To prevent future login troubles, use MalCare. It does more than just protect your login through CAPTCHA and 2FA. MalCare offers a powerful malware scanner and cleaner to keep your site safe. Its smart firewall guards against attacks, and vulnerability protection keeps your site secure. So that you can focus on your site and leave your security worries to us.

FAQs

Why am I locked out of my WordPress site?

You might be locked out of your WordPress site for several reasons. It could be a forgotten password, too many failed login attempts, or issues with a plugin like 2FA or CAPTCHA. Sometimes, changing the site URL or losing admin privileges can also lock you out. Check for recent changes you made, and try to use password recovery or other solutions to fix the problem.

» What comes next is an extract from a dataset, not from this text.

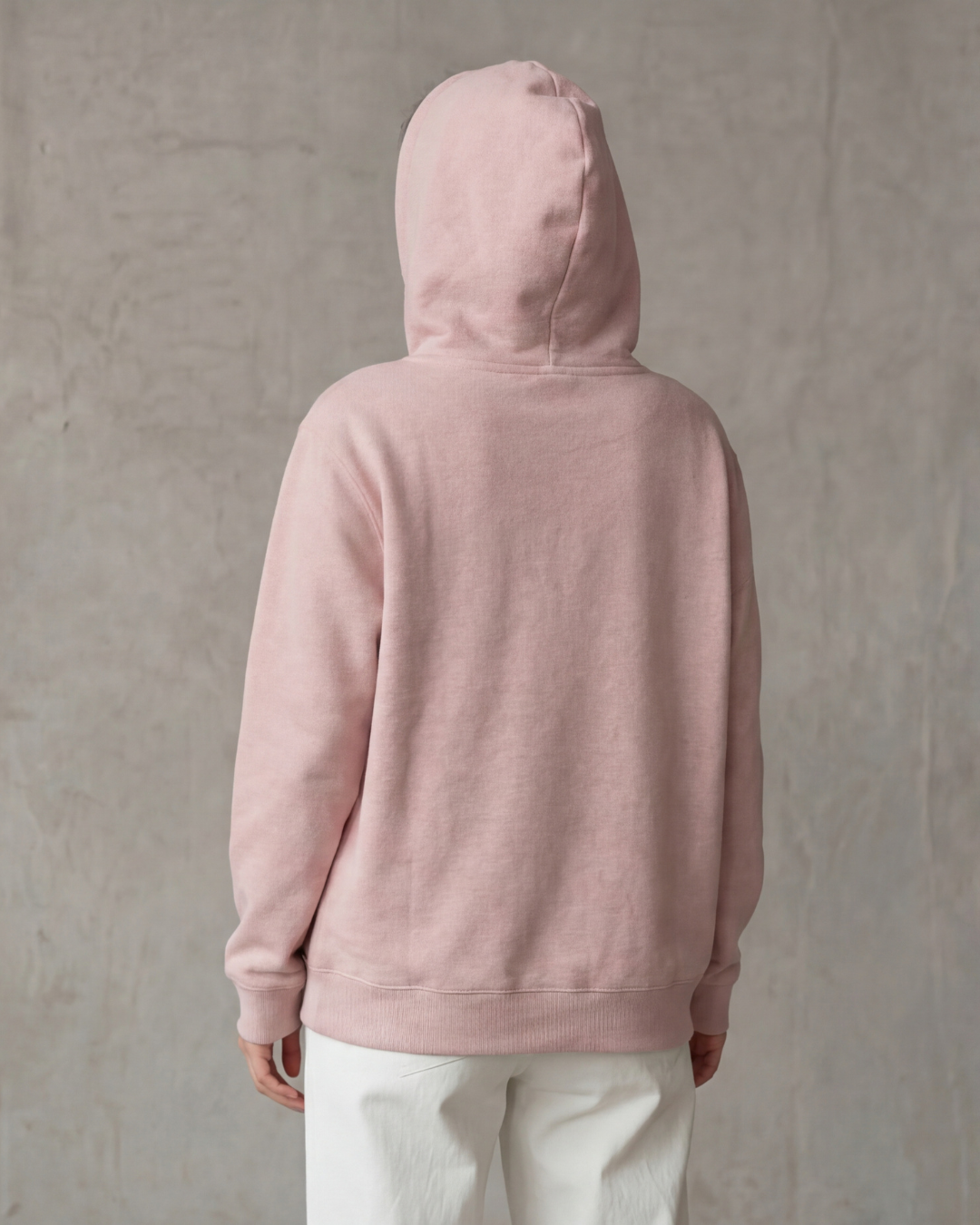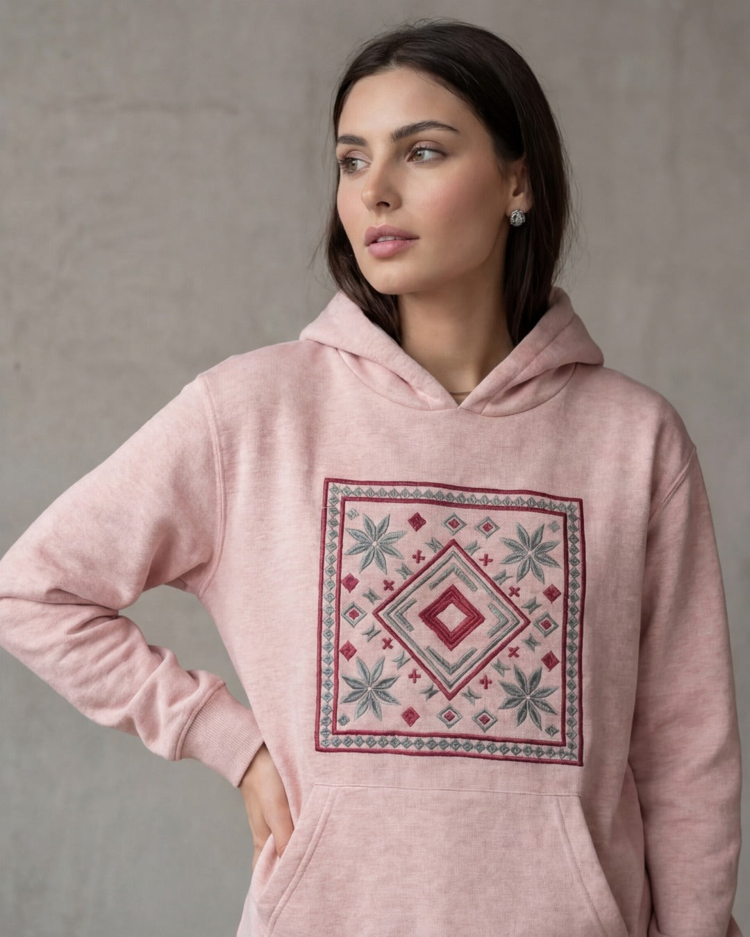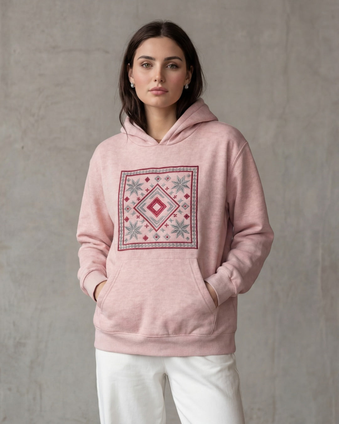 Design details: This hoodie brings a touch of warmth to the winter season with its beautiful dusty rose heathered fabric. At its center lies an intricate, large-scale square embroidery that draws inspiration from heritage tapestry patterns. The artwork combines starbursts, cross-stitches, and diamond centers in a sophisticated palette of slate grey and deep burgundy. The embroidery is framed by a solid border, giving it a structured, "badge-like" appearance that commands attention. Finished with a cozy kangaroo pocket and ribbed trimmings, it’s the perfect blend of bohemian charm and contemporary street style.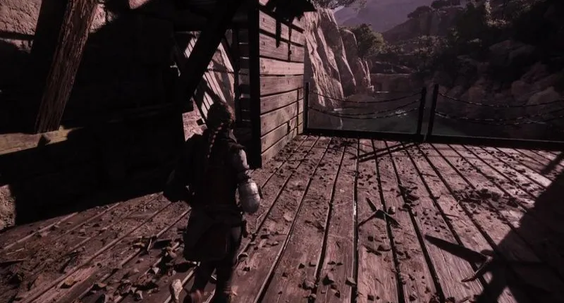 Теперь в вашем распоряжении новый путь, по которому вы идете назад к реке и по каменному полу налево. Идите к лежащим на земле бревнам и возьмите сундук справа от вас и пирит, прилипший к камню. Поверните налево, пока не увидите тележку, полную камней. Войдите в нишу справа и протиснитесь через щель в деревянном заборе. За ним вы найдете лестницу, по которой можно подняться на крышу здания. Это приведет вас к верстаку, который можно открыть только с помощью ножа.

How do I regain access to my WordPress site?

To regain access, start by resetting your password through the Forgot your password? option. If that doesn’t work, use phpMyAdmin to reset it. Check if plugins like 2FA or CAPTCHA are causing issues and deactivate them if needed. Also, make sure the site URL is correct and that you still have admin privileges. Addressing these areas can help you get back into your site.

How long does WordPress lock you out for?

WordPress may lock you out for about 15 minutes after too many failed login attempts. This happens because it thinks it’s under a brute-force attack. After the time passes, you can try logging in again. However, if WordPress feels the brute-force attacks are continuing, it will add on 15-minute locks for as long as the attacks last.